The solutions provided in step a) containing lithium hexafluorophosphate, fluoride and a first organic solvent typically have a content of lithium hexafluorophosphate of 0.1 to 50.0 wt .-%, preferably 1, 0 to 45.0 wt .-%, more preferably from 5.0 to 40.0 wt .-%, whereby they can be further processed in particular to electrochemical storage devices suitable electrolytes. Possibilities for the preparation of the lithium hexafluorophosphate used in the solutions in step a) are known to the person skilled in the art. For example, lithium hexafluorophosphate can be prepared by reacting phosphorus pentafluond and lithium fluoride in diethyl ether. Phosphorus pentafluond can in turn be obtained, for example, by reaction of calcium fluoride with phosphorus pentachloride.

The solutions provided in step a) comprising lithium hexafluorophosphate, fluoride and a first organic solvent can be provided in alternative forms, for example by:

Variant a: Obtaining lithium hexafluorophosphate and fluoride in a first organic solvent from a manufacturing process

Variant b: Addition of solid, fluoride-containing lithium hexafluorophosphate to a first organic solvent

Variant c: addition of a first organic solvent to solid, fluoride-containing variant d: provision of, for example, commercially available electrolytes. Variant e: Dissolution of solid lithium hexafluorophosphate in water-containing first organic solvent In the above embodiments, the fluoride is typically derived from the manufacturing process as well as from the hydrolytic decomposition of lithium hexafluorophosphate by traces of adherent water.

The solutions provided in step a), comprising lithium hexafluorophosphate, fluoride and a first organic solvent, typically have a fluoride content of from 500 to 10,000 ppm, preferably from 800 to 6,000 ppm. By fluoride content is meant the amount of fluoride which can be determined by ion chromatography as the sum of dissolved fluorides and hydrogen fluoride. The detailed implementation of the process can be found in the examples of this invention. Unless otherwise stated, the ppm data reported herein are generally by weight, and the contents of said cations and anions are determined by ion chromatography as indicated in the experimental section unless otherwise specified.

The first organic solvent contains at least one nitrile. In this case, for example, a nitrile, a combination of different nitriles or a combination of at least one nitrile with at least one organic solvent which is not nitrile, can be used.

Examples of suitable nitriles are acetonitrile, propanenitrile and benzonitrile.
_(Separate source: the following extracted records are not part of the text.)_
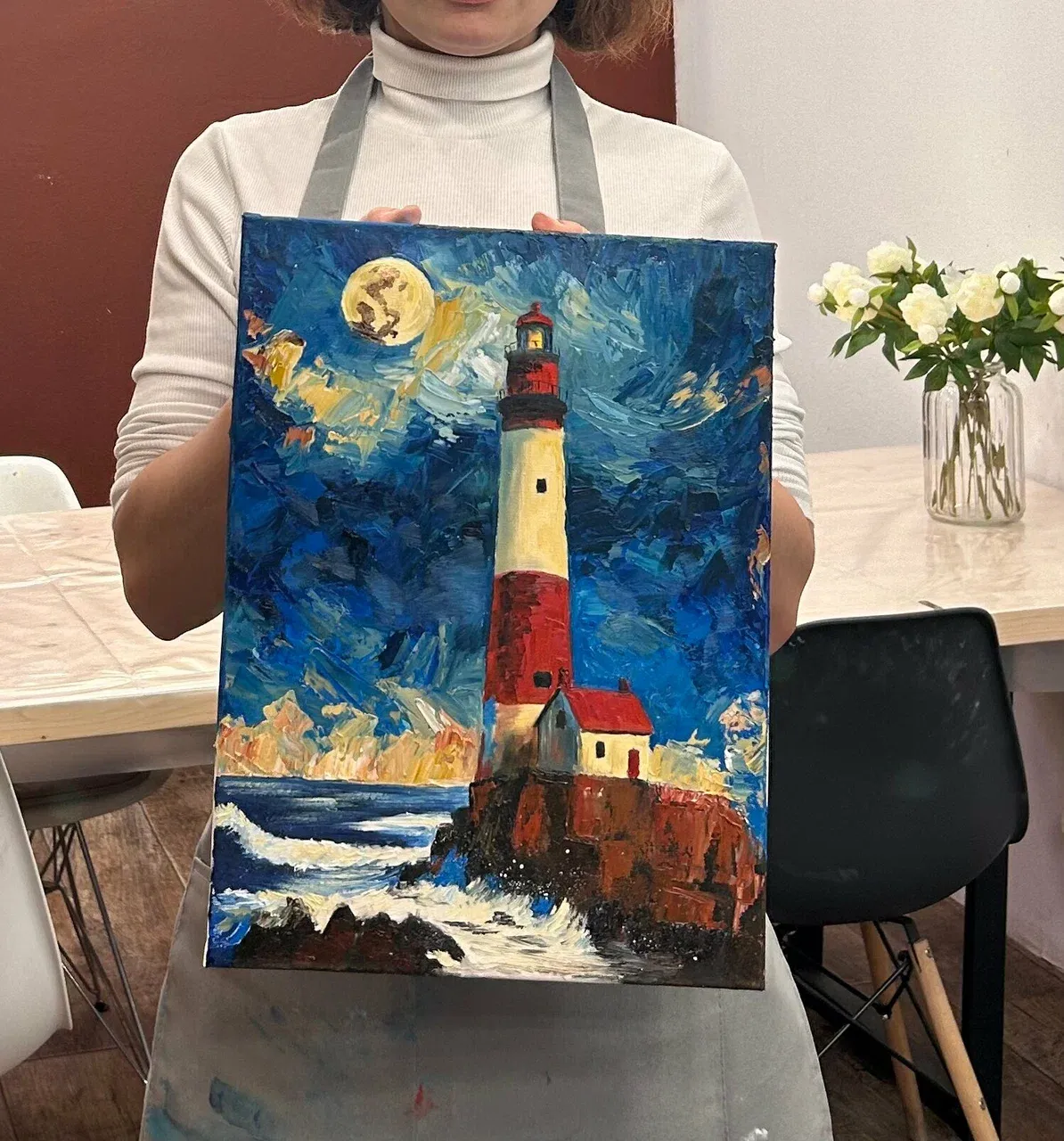 Для детей и подростков студия предлагает группы с 3 лет, где развивают творческое мышление, мелкую моторику, уверенность и навыки работы с цветом и формой. Взрослые могут выбрать одиночные занятия, групповые мастер-классы, арт-вечеринки или формат корпоративного события — студия готова на настройку под компанию. В расписании регулярно появляются мастер-классы по рисованию акрилом, живописи маслом, работы с эпоксидной смолой и спиртовыми чернилами.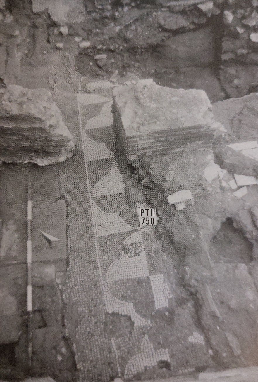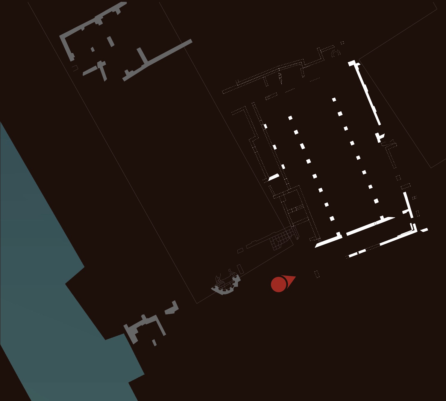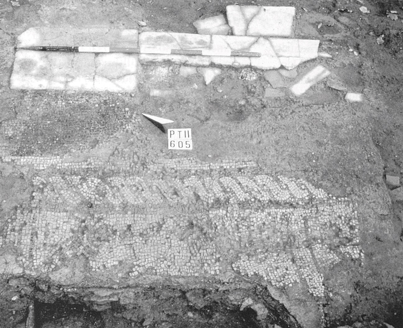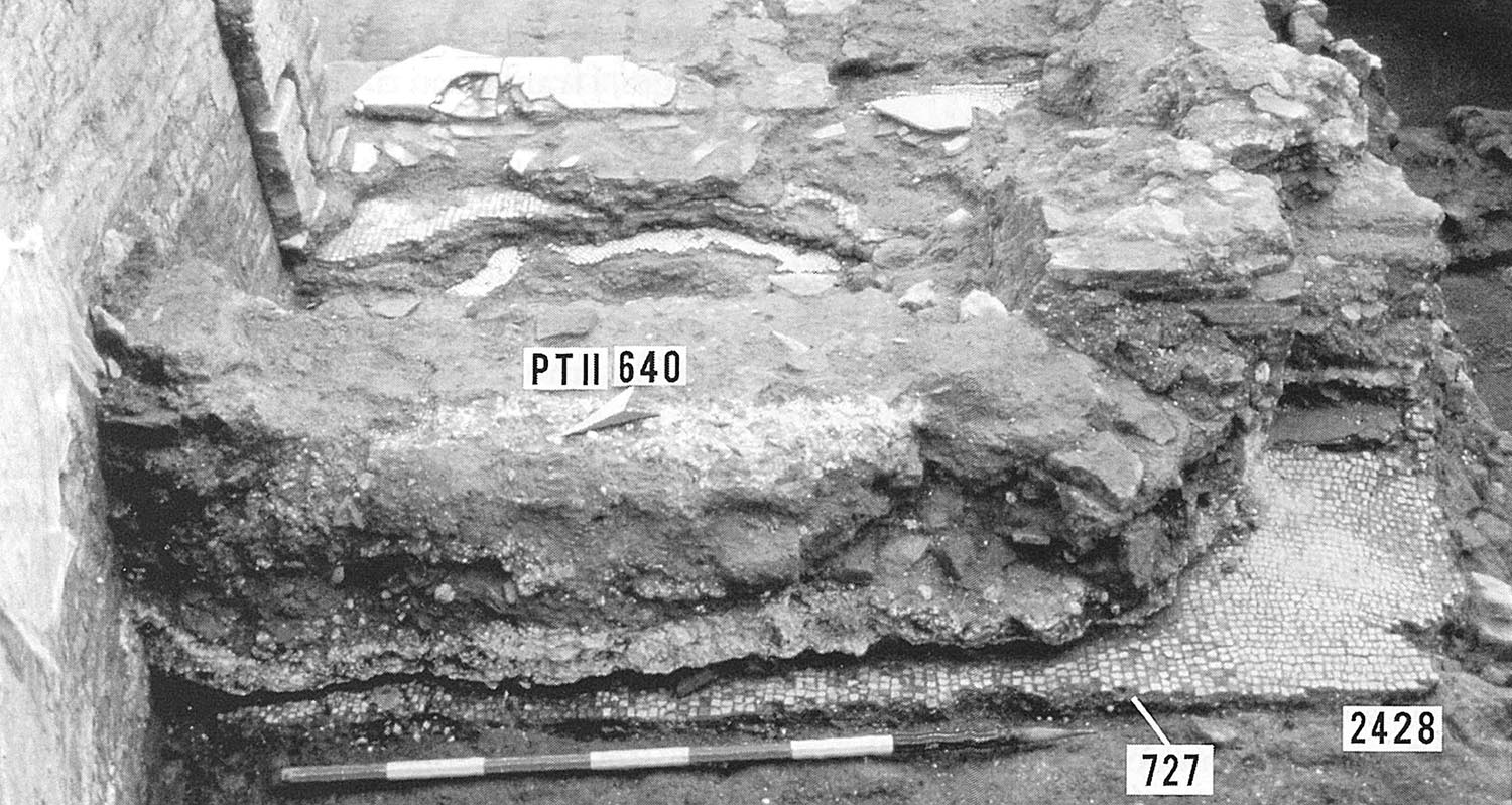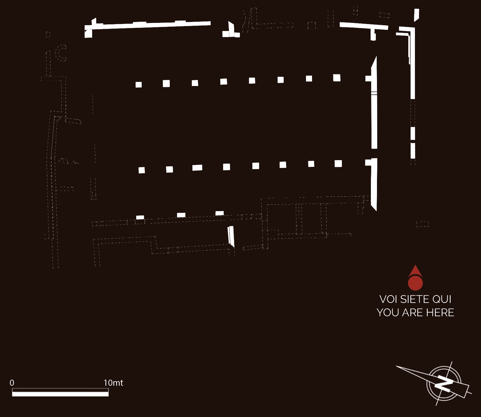 La basilica paleocristiana sorge in un settore della città densamente edificato, racchiuso tra il bacino esagonale, il canale trasverso, la via Portuense e la Fossa Traiana. La sua costruzione è l’ultimo stadio di un graduale processo di trasformazione di complessi preesistenti, costruiti dalla metà del I secolo d.C. Nel corso del IV secolo d.C. viene realizzato dapprima un edificio di tipo residenziale con pavimenti in mosaico e opus sectile, che poi viene ulteriormente trasformato con la costruzione di un’ampia aula pavimentata a mosaico, già in questa fase destinata probabilmente al culto cristiano, suddivisa in tre navate da due file di otto colonne.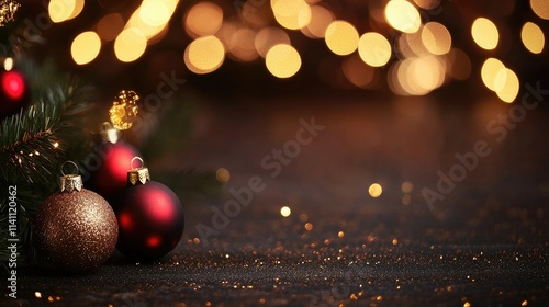 Fototapeta premium Festive Christmas Ornaments on Pine Tree with Warm Bokeh Background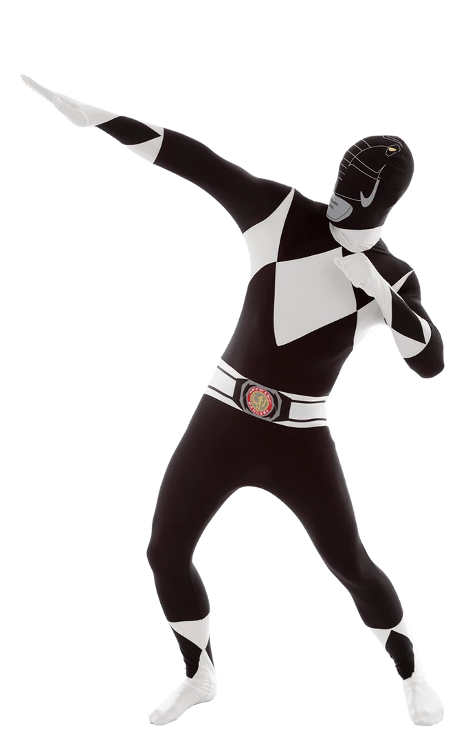 This Adult Black Power Ranger Morphsuit Costume consists an all-in-one skin tight Morphsuit, featuring intricate detailing, from the belt, to the socks and the headpiece. The Morphsuit is extremely breathable, so you can fight off the bad guys and be comfortable at the same time. It’s also a great group costume idea.

Particular preference is given to using acetonitrile, in which case the acetonitrile without an organic solvent which is not nitrile is more preferably used as the first organic solvent,

For example, the molar ratio of nitriles used to the amount of lithium ions present in the solutions provided in step a) is at least 1: 1, preferably at least 10: 1 and more preferably at least 50: 1 and most preferably at least 100: 1.

When a first organic solvent contains non-nitrile organic solvents, those organic solvents which are liquid at room temperature and have a boiling point of 300 ° C or less at 1013 hPa and which further contain at least one oxygen atom or a nitrogen atom or both are preferably used contain.
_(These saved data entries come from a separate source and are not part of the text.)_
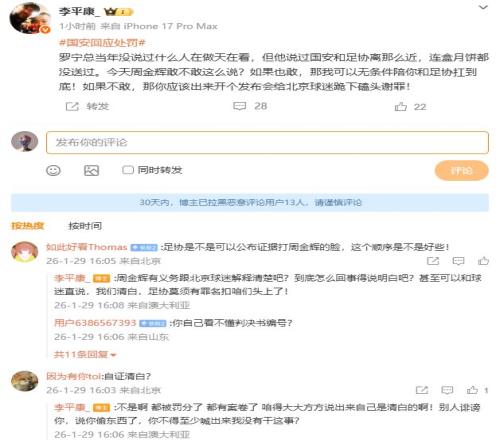 在北京国安删帖之后,李平康表示,“说实话,国安球迷应该很希望俱乐部能出来正面地解释一下到底是怎么回事!说实话吧,今天的处罚,不能接受的只有国安,在中国足球这个环境中,对大多数球队这都无所谓的,主要别人也被罚,自己罚的少还是赚了。但国安不是,这些年冠军没怎么拿到,骄傲的就是清白身,连清白都没了,国安也没了!”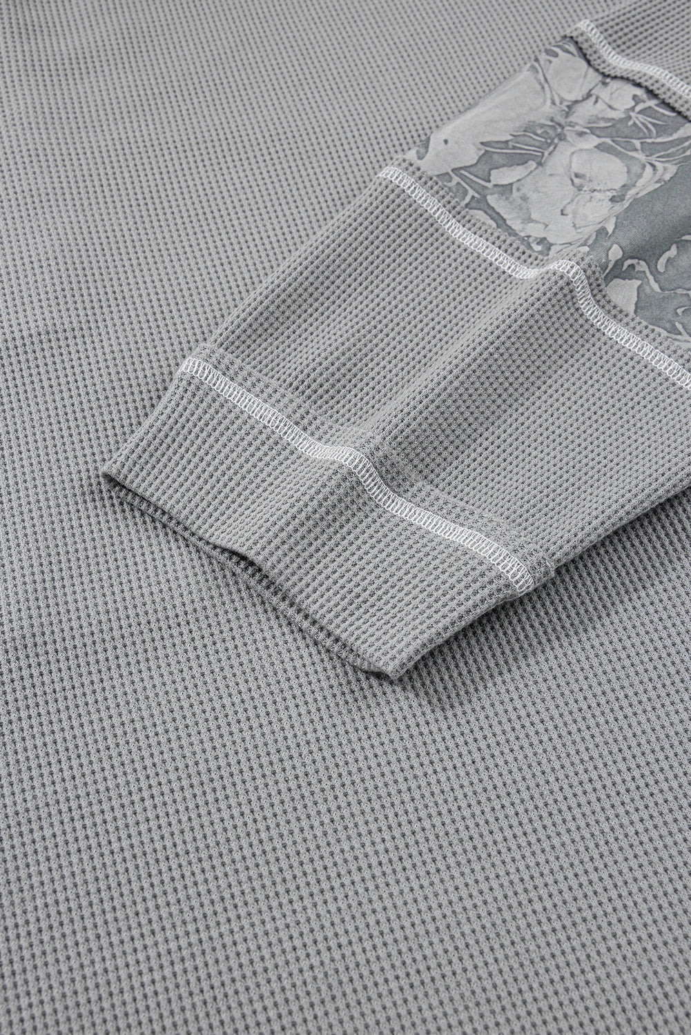 Gray Mixed Waffle Knit Patchwork Henley Plus Size Hoodie Gray Mixed Waffle Knit Patchwork Henley Plus Size Hoodie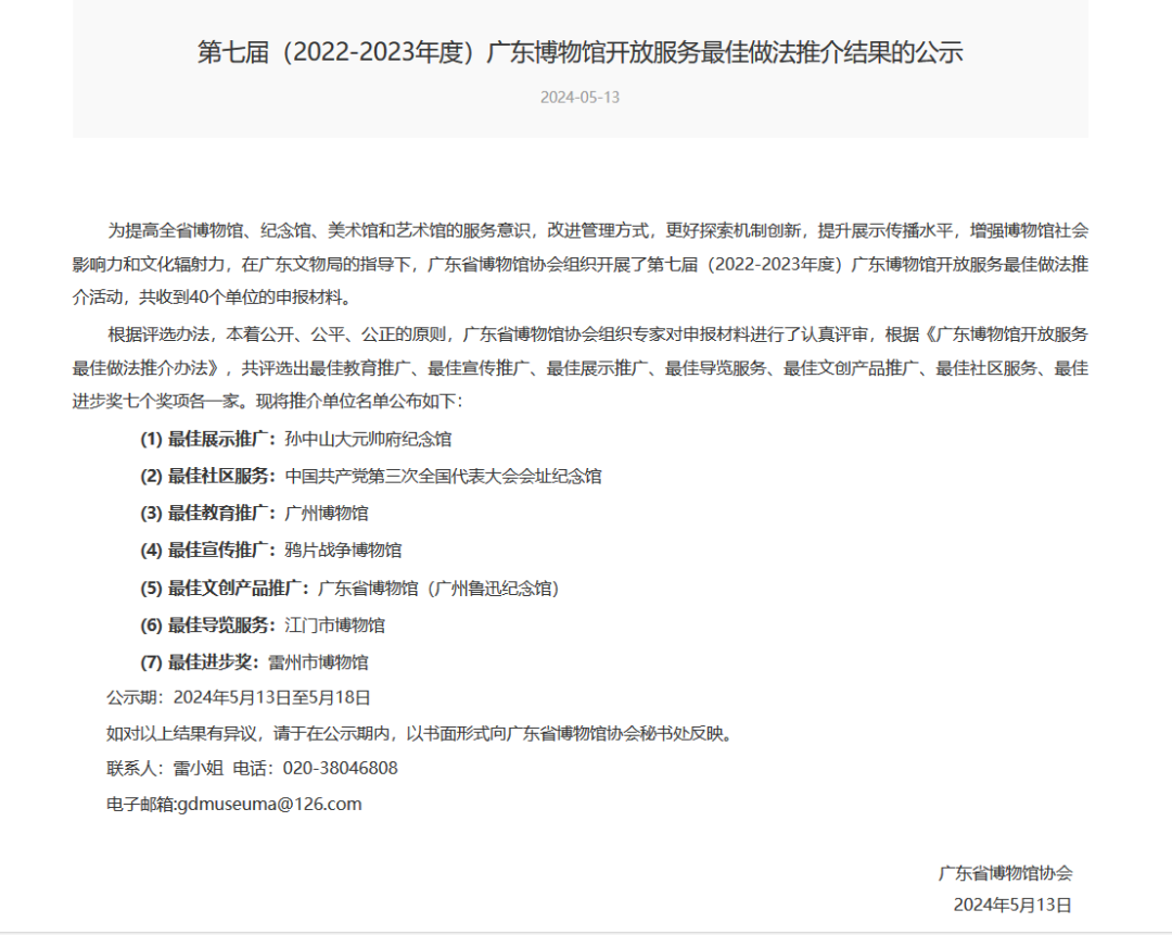 日前,在广东文物局的指导下,广东省博物馆协会组织开展了第七届(2022-2023年度)广东博物馆开放服务最佳做法推介活动,共评选出最佳教育推广、最佳宣传推广、最佳展示推广、最佳导览服务、最佳文创产品推广、最佳社区服务、最佳进步奖七个奖项各一家。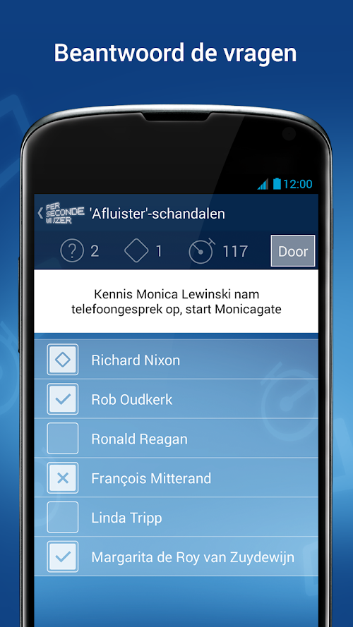 De Per Seconde Wijzer is dé spelsensatie van Nederland! Met Per Seconde Wijzer waan je je kandidaat in het gelijknamige televisieprogramma van BNNVARA, waar al decennia lang miljoenen mensen naar kijken. Speel de soloversie en probeer in de ranglijst van 50 beste spelers te komen of speel tegen een vriend of willekeurige tegenstander en bepaal in een sprint over maximaal drie vragen wie de beste is.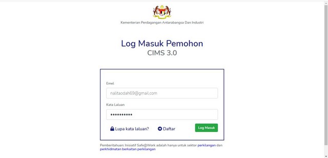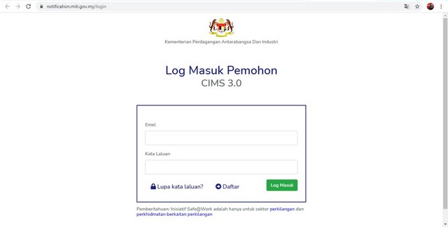 Pendaftaran Secara Atas Talian Surat MITI

Preferred organic solvents are those which have no protons which have a pKa value at 25 ° C., based on water or an aqueous comparison system have less than 20. Such organic solvents are also referred to in the literature as "aprotic" solvents.

Examples of such further solvents are liquid at room temperature esters, organic carbonates, ketones, ethers, acid amides or sulfones.
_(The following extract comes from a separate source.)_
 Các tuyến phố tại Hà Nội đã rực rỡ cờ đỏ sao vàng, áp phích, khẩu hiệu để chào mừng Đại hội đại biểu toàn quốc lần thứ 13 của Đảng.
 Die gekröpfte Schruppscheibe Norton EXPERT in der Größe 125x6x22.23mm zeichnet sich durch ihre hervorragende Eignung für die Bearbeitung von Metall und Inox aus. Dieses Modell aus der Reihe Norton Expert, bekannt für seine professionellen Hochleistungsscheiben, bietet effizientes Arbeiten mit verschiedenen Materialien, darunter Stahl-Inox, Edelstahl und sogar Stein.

Examples of ethers are diethyl ether, diisopropyl ether, methyl tert-butyl ether, ethylene glycol dimethyl and diethyl ether, 1, 3-Propandioldimethyl and diethyl ether, dioxane and tetrahydrofuran.

Examples of esters are methyl and ethyl acetate and butyl acetate or organic carbonates such as dimethyl carbonate (DMC), diethyl carbonate (DEC) or propylene carbonate (PC) or ethylene carbonate (EC).

An example of a sulphone is sulfolane.

Examples of ketones are acetone, methyl ethyl ketone and acetophenone.

Examples of acid amides are N, N-dimethylformamide, Ν, Ν-dimethylacetamide, N-methylformanilide, N-methylpyrrolidone or hexamethylphosphoric triamide.

The first organic solvent according to the invention may also contain several of said organic solvents.

The further organic solvent according to the invention is characterized in that in the other organic solvent lithium hexafluorophosphate a lower solubility than in the first organic solvent.

It is clear to the person skilled in the art that the dissolution behavior depends on the temperature, inasmuch as the aforementioned requirement for the selected temperature in step b) has to be met.

The temperature during the contacting can take place, for example, and preferably from the freezing point to the boiling point of the organic solvent or its low-boiling component used, for example from -45 to 80.degree. C., more preferably from 10 to 60.degree. C. and particularly preferably from 10 to 35.degree , in particular from 16 to 24 ° C.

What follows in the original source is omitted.